After a couple of years, I started to become angry at the living. I was angry that they seemed to think they didn't have enough time for the dead. I became bitter. I cursed Sarah and Jim for not visiting their mother.

But, one day, about three years after I had been dead, I noticed the ducks and swans swimming hurriedly to the edge of the pond and waddling up onto land. They were honking and quacking loudly and I wondered what was causing their distress. As I watched closely, I noticed tiny white bread crumbs appearing out of thin air and falling onto the ground, only to be quickly devoured by the hungry birds. I observed in awe, believing I was experiencing some kind of miracle. However, as I continued to watch, I realized that it wasn’t a miracle. The swans and ducks were making a large circle in the grass. They were keeping their distance away from something… or someone. That was when I realized someone was there, a human being, throwing them the bread crumbs.

As I watched the throwing of the bread crumbs, I started to wonder if Jim and Sarah had come to visit me since I had died. I looked down at the flowers on my tombstone. Surely, if Sarah had come to see me, she would have brought new flowers. I looked away from the graying flowers, trying to push away the thoughts in my mind. I looked back at the birds and the flying breadcrumbs. I wondered if it was Jim feeding the birds. Maybe he had brought his wife and children. Maybe Alice was chasing the ducks around wearing a frilly blue dress.

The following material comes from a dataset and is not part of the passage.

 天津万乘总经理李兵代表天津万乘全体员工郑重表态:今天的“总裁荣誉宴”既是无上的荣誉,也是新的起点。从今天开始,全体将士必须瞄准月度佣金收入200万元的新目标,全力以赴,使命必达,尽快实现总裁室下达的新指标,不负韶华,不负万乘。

After I witnessed the throwing of the bread crumbs, I started to enjoy the sunrise more. Now I like how bright it is. I like feeling blinded as I look directly into the light. I enjoy looking down at the sparkling dew on the light green grass. I have even learned to love watching the swans and ducks as they swim around the shimmering pond. I especially like to watch them when they became loud and start to waddle onto the land. I watch carefully and eventually can spot bread crumbs flying through the air.

I don’t look down at my flowers anymore. I am afraid to. The last time I did was over three years ago. They were still gray. 

10 comments:

  1. Laura you brought me to tears. You are quite talented. Loved it!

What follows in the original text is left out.